### [ACTIVITY]
Write out again, exactly as they stand, the line that includes "This maintenance-free roofing" and all remaining lines of the entries.

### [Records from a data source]
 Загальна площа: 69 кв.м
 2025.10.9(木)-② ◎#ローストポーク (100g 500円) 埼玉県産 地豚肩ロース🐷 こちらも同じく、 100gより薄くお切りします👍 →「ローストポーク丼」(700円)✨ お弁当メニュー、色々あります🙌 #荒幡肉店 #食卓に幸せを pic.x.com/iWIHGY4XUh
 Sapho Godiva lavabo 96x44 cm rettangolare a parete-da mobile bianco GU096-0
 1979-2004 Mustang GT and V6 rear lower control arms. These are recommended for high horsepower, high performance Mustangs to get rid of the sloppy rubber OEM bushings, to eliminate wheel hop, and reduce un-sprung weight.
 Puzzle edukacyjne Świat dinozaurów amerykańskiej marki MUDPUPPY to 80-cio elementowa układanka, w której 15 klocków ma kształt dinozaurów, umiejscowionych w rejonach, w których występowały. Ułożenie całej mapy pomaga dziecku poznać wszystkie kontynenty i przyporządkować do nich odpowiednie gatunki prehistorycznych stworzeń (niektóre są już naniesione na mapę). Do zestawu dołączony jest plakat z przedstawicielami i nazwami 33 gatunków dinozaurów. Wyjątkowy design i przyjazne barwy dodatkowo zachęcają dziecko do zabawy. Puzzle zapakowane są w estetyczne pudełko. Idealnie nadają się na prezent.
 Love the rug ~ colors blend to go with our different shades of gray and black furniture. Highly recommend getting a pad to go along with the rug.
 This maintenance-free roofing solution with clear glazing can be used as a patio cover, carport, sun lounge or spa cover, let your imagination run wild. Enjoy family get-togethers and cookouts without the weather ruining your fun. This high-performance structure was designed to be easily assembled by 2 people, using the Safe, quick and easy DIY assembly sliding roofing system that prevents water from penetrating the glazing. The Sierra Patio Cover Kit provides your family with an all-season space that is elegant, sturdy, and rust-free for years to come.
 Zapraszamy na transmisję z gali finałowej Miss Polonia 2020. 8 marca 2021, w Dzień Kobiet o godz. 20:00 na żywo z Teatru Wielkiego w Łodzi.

### [RESPONSE TO THIS EXERCISE]
 This maintenance-free roofing solution with clear glazing can be used as a patio cover, carport, sun lounge or spa cover, let your imagination run wild. Enjoy family get-togethers and cookouts without the weather ruining your fun. This high-performance structure was designed to be easily assembled by 2 people, using the Safe, quick and easy DIY assembly sliding roofing system that prevents water from penetrating the glazing. The Sierra Patio Cover Kit provides your family with an all-season space that is elegant, sturdy, and rust-free for years to come.
 Zapraszamy na transmisję z gali finałowej Miss Polonia 2020. 8 marca 2021, w Dzień Kobiet o godz. 20:00 na żywo z Teatru Wielkiego w Łodzi.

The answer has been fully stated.